Vacuum Cleaners for CO2 #6
Making-sense of CDR. Vacuum Cleaners for CO2: Photosynthesis, Non-photosynthetic Organisms, Direct Air Capture, and Carbon Mineralization.
Hello Human!
My week has been full of learning more about Carbon Dioxide Removal (CDR)!
After reading extensively about CDR and drawing several diagrams, I began understanding CDR and its steps on a more detailed level. Furthemore, I took a more detailed look on the actual biological and chemical processes to take CO2 out of the atmosphere (You can think of these processes as vacuum cleaners for CO2!).
I’m excited to share the learnings!
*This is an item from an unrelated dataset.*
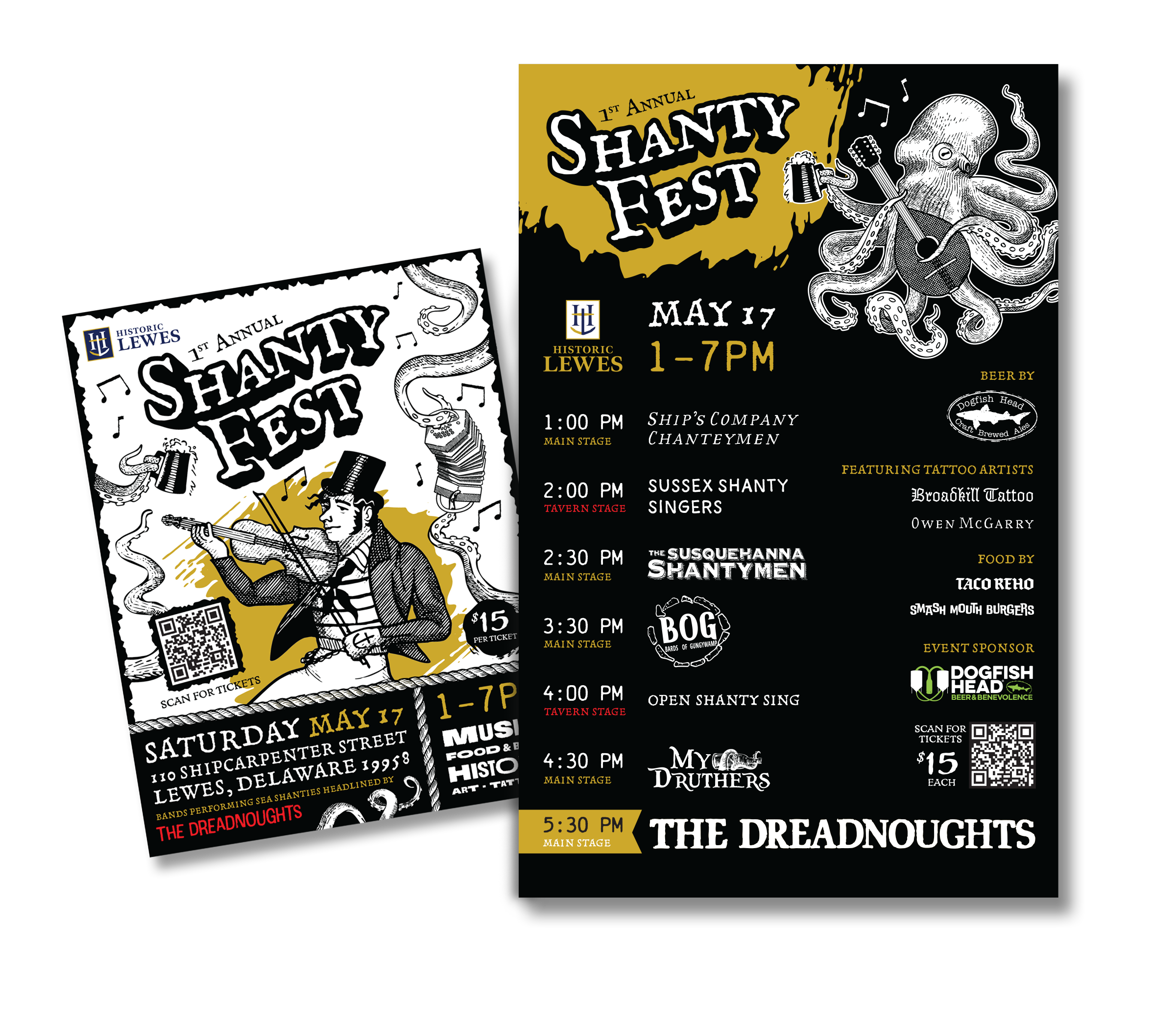 Create custom event branding, of course! Historic Lewes held their 1st Annual Shanty Fest that celebrated the maritime traditions of Lewes, Delaware, with music, art, and history. Illustrations & typography were inspired by 18th century maritime artwork.

We’ll start by forming clarity around CDR. Then, we’ll dive into the biological and chemical processes to take CO2 out from the atmosphere!
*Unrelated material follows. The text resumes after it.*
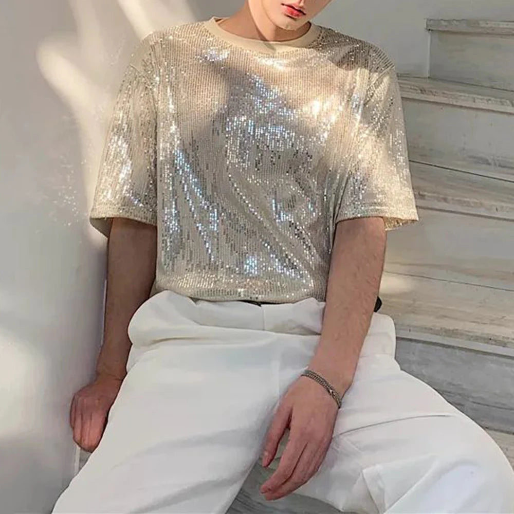 Threebooy Mens sequin casual t-shirt genderless 2024 new fashion nightclub personality versatile performance short-sleeved top unisex
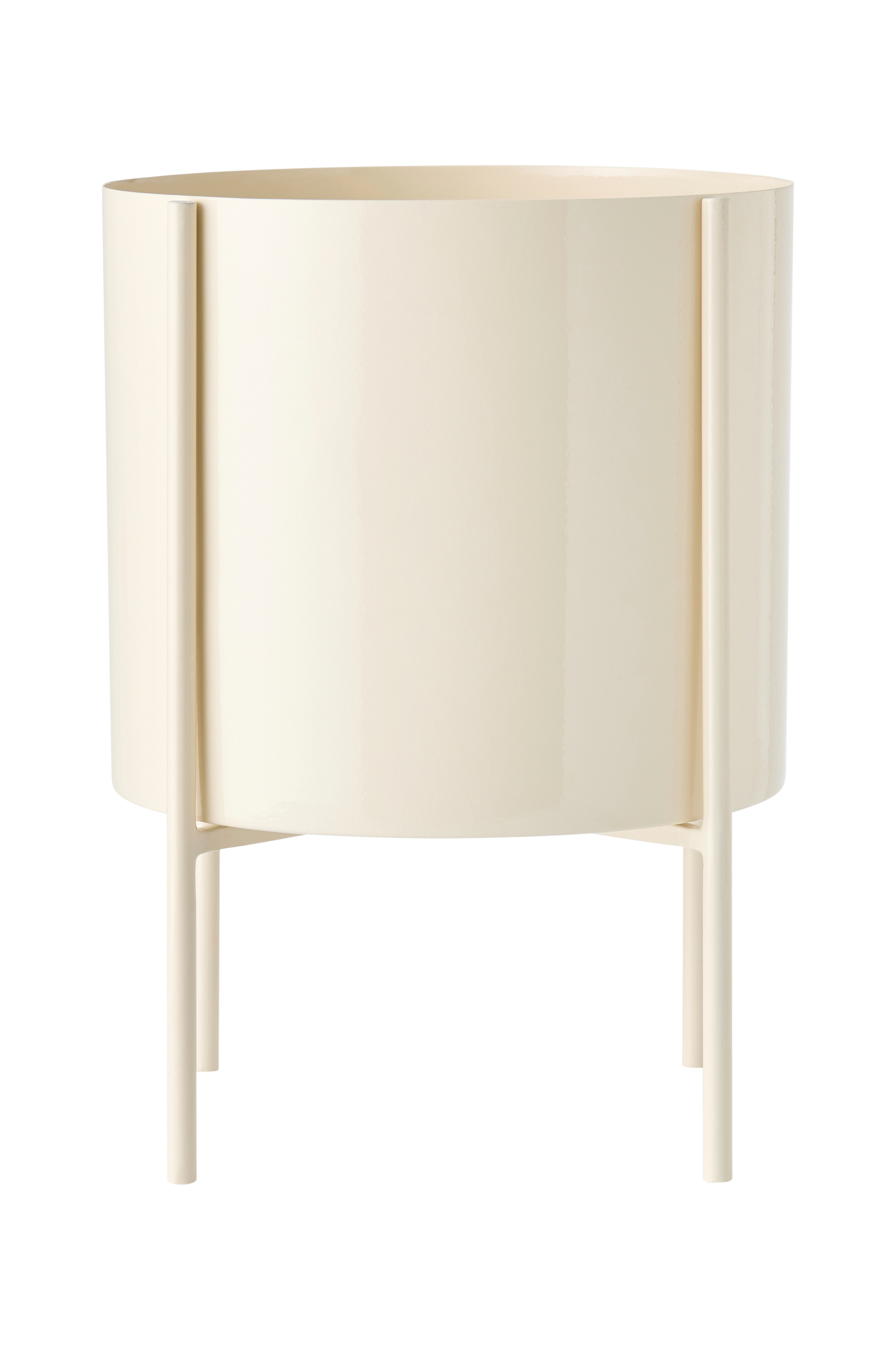 Kruka av järn med stativ på 4 ben. Stativet är vändbart och krukan kan placeras på båda sidorna av stativet för olika höjder. Krukans mått: Höjd 22 cm, Ø 25 cm. Placerad i stativet blir den högre höjden 45 cm och den lägre höjden 35 cm.

If you haven’t yet read last week’s introduction to CDR, I recommend doing it before diving into this article :)
Making-sense of CDR
When talking about CDR, it is essential to distinguish between at least the following three steps:
Taking CO2 out of the atmosphere
Storing the CO2
Making useful things out of the CO2
For the sake of clarity, I am not using specific terms for these steps of CDR. Most used terms are still ambiguous... Instead, I gave a description to each step to illustrate what’s happening.
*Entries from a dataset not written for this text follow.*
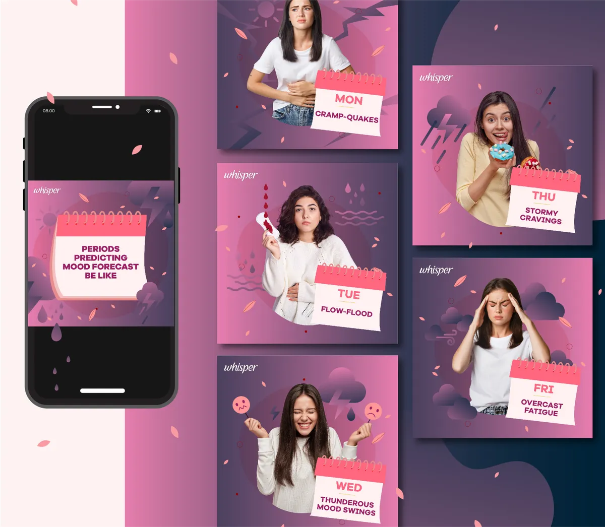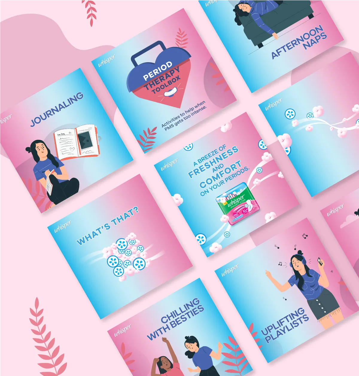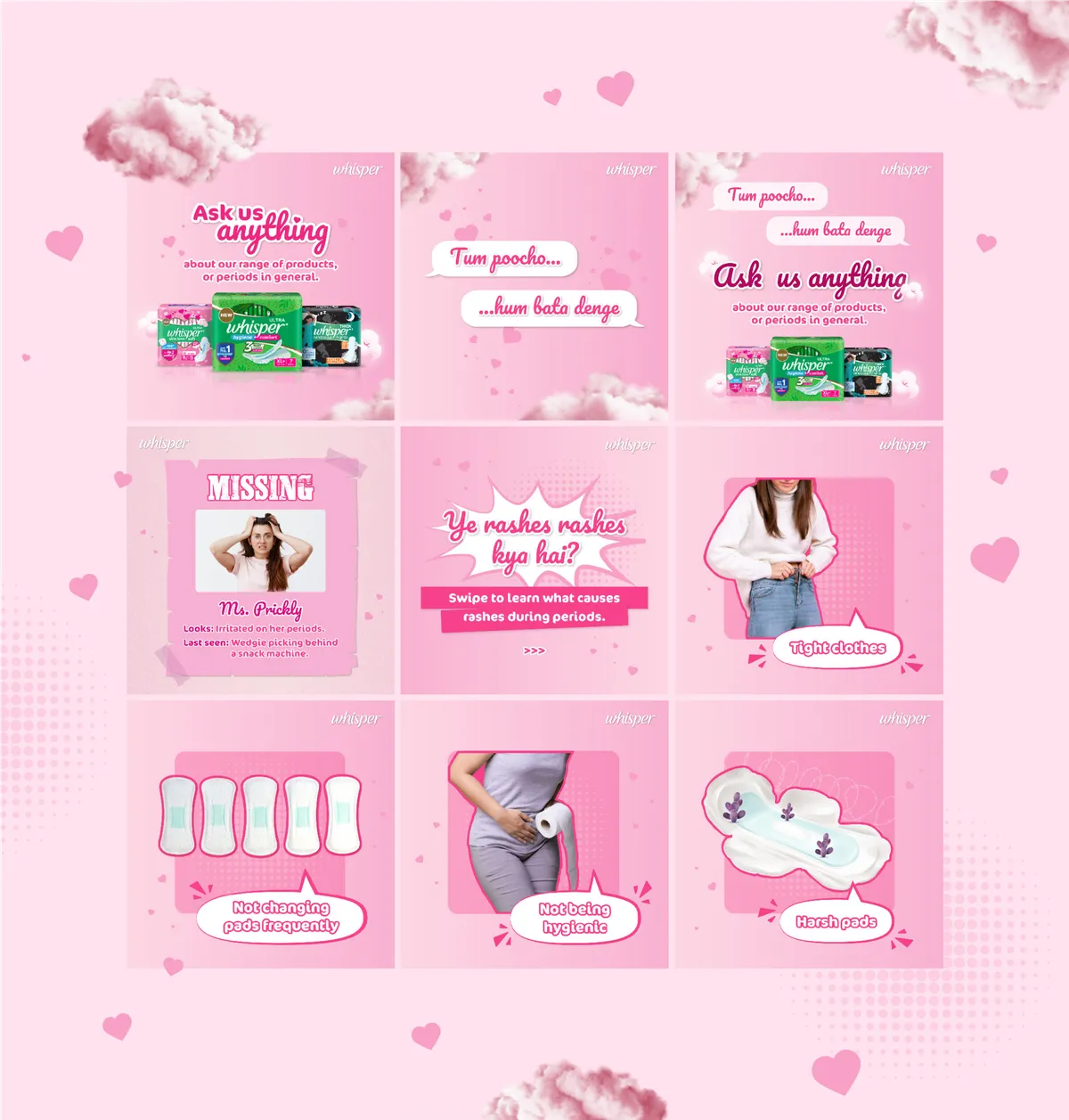 Our collaboration with Whisper India project aimed to refresh their social media presence. The redesigned campaign features vibrant aesthetics, relatable content, and an empowering message. Through multimedia elements and interactive features, we created a more engaging online space, fostering inclusivity and open conversations around feminine hygiene. The revamped social media strategy reflects Whisper India's commitment to celebrating femininity, empowering women, and breaking taboos surrounding menstrual health.
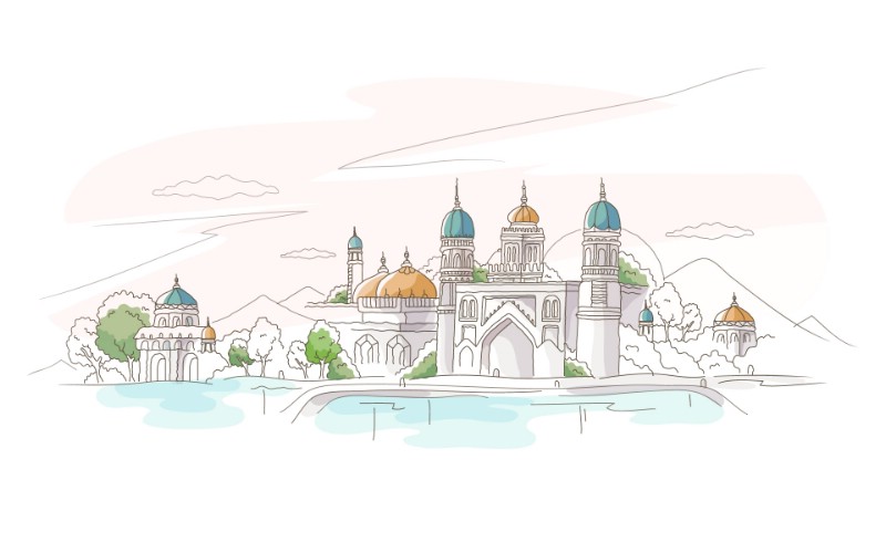 手绘世界风光场景速写
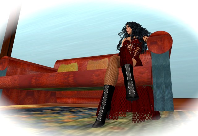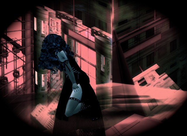I am now the one on the couch, but this room, like my bed before, is not in my waking world. I am dressed in clothes I don’t own, just as I saw myself dressed on the other side of the barrier. I am in the same clothes, and I am wearing fishnet stockings and laced-up boots. I don’t think I own either of those things nor have I ever had them in my closet. I am looking towards a window and I know I am waiting for some kind of sign, or something to happen. I have to make a supreme effort to move my head out of the position I have it turned towards. I feel stilled, and the very air itself fights me to change my position. I am like a cloned copy of a full-length sculpture of myself that someone has set on a couch as a prop simultaneously in two different worlds. I stop struggling to understand at this point, and let my eyes wander over the scene. The colors are magnificent, purples and greens on the bronze leather-tooled couch, against walls of antique pink and rose. The first thing I think about, is how I will paint this scene, and what paints I might use. I allow myself a quick glance below my feet and feel the rush of being thrown quickly off-balance, by the sheer height, clearness and depth of the floors, with many more floors below this one. Heights have always made me reel with vertigo.
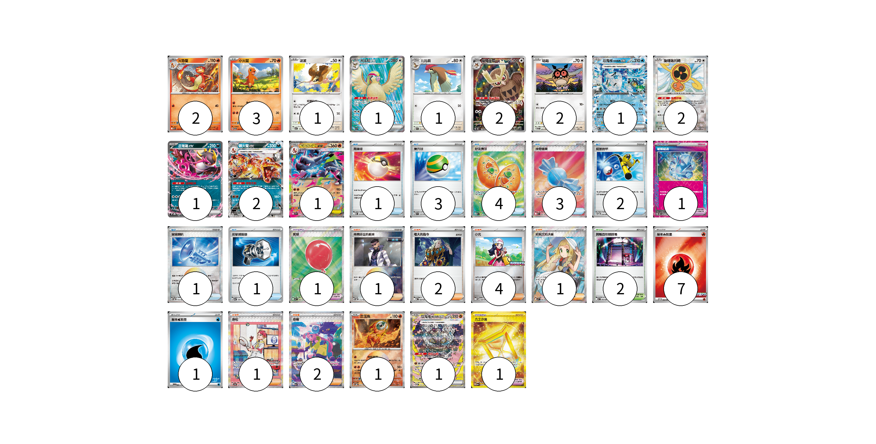 牌組構築方案 以此牌組為基礎新構築牌組 顯示卡面 顯示列表 寶可夢卡(21) 2 3 1 1 1 2 2 1 2 1 2 1 1 1 寶可夢道具(3) 1 1 1 物品卡(15) 1 3 4 3 2 1 1 支援者卡(11) 1 2 4 1 1 2 競技場卡(2) 2 能量卡(8) 7 1 寶可夢卡(21) 卡牌名稱 張數 卡牌名稱 張數 火恐龍 M2 012/080 02 小火龍 SVTL 001/021 03 波波 SV4a 137/190 01 大比鳥ex SV3 128/108 01 比比鳥 SVK 004/042 01 貓頭夜鷹 SV7 114/102 02 咕咕 SV7 076/102 02 厄鬼椪 水井面具ex SV8a 050/187 01 旋轉洛托姆 SV8a 131/187 02 吉雉雞ex SVOD 004/020 01 噴火龍ex SV4a 115/190 02 超級噴火龍Xex M2 013/080 01 古玉魚 SV8a 025/187 01 厄鬼椪 礎石面具ex SV8a 216/187 01 寶可夢道具(3) 卡牌名稱 張數 卡牌名稱 張數 璀璨結晶 SV7 094/102 01 氣球 M1L 084/063 01 力之沙漏 SV6a 094/064 01 物品卡(15) 卡牌名稱 張數 卡牌名稱 張數 高級球 MBD 014/022 01 巢穴球 SVK 016/042 03 好友寶芬 M1S 081/063 04 神奇糖果 M1S 082/063 03 厲害釣竿 SVOD 010/020 02 玻璃喇叭 SV8a 140/187 01 反擊捕捉器 SV8a 139/187 01 支援者卡(11) 卡牌名稱 張數 卡牌名稱 張數 弗圖博士的劇本 SV8a 175/187 01 老大的指令 MBD 020/022 02 小光 M-P 028/M-P 04 莉莉艾的決意 M1L 086/063 01 赤松 SV8a 227/187 01 奇樹 SV4a 350/190 02 競技場卡(2) 卡牌名稱 張數 卡牌名稱 張數 對戰圓形競技場 M2 079/080 02 能量卡(8) 卡牌名稱 張數 卡牌名稱 張數 基本【火】能量 M-P 032/M-P 07 基本【水】能量 SVI WAT 01 以此牌組為基礎新構築牌組 牌組編碼 McEUCb-eASbiN-nSsbOh copy 列印牌組單 牌組編碼已複製 分享至SNS

1. Taking CO2 out from the atmosphere
First, the CO2 has to be collected from the atmosphere. Biological processes doing this, most notably photosynthesis. Also, chemical processes like carbon mineralization are capturing CO2.
This step seems to be called interchangeably carbon removal and carbon capture.
2. Storing the CO2
Second, the captured CO2 must be stored somewhere where it cannot escape back to the atmosphere for a long-time. Photosynthesis stores the carbon into biomass (trees, algae etc.) and carbon mineralization into stable carbonates. Alternatively, the collected CO2 can be injected deep underground into geoformations.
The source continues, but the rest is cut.